Your first post on the thread above was incorrect, but I didn't bother  pointing out the error since you were essentially advising against  claiming the input credit, however I can't let you off the hook on this  one..!



WizardDr said:


> The Revenue position would be illogical as it would imply that any expenditure on a rented premises by the renter could not qualify for VAT deduction which is absurd.
> 
> The proximity of the relationship is what the poster is referring to and I think he may be over interpreting here.



I presume both of these sentences are in reference to my post.

Just to clarify, I didn't imply that "any expenditure on a rented premises by the renter could not qualify for VAT deduction".

Expenditure on furniture or fittings would of course be deductible - the tenant company owns them, and can bring them with them if/when they vacate the building.
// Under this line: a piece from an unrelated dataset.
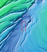 This false color image is located near the head of Chasma Boreale, a large trough in the north polar cap. The floor of the trough is mostly ice free. The linear features in the image are wind driven erosion of the trough floor.

But expenditure on fixtures (_i.e. anything that becomes part of the property once installed, and can't be removed without damage to itself and/or the building to which it is affixed_) or on refurbishment/development of the property, in the absence of such expenditure creating/augmenting a capital good for the party incurring it, will not give rise to any deductibility. Since the company has no enforceable interest in the property, it cannot be the owner of the capital good created by the construction / refurbishment of the garage/office. 

Based on Ninak's OP, she is talking about construction costs of the garage/office space, including insulation. There is no question of deductibility for the limited company, as it holds no interest in the asset. No more so than if the company's money is used to buy a van for the director (or the friendly next door neighbour, or whoever), on the basis that the company will occasionally get to use the van for free on an ad hoc basis.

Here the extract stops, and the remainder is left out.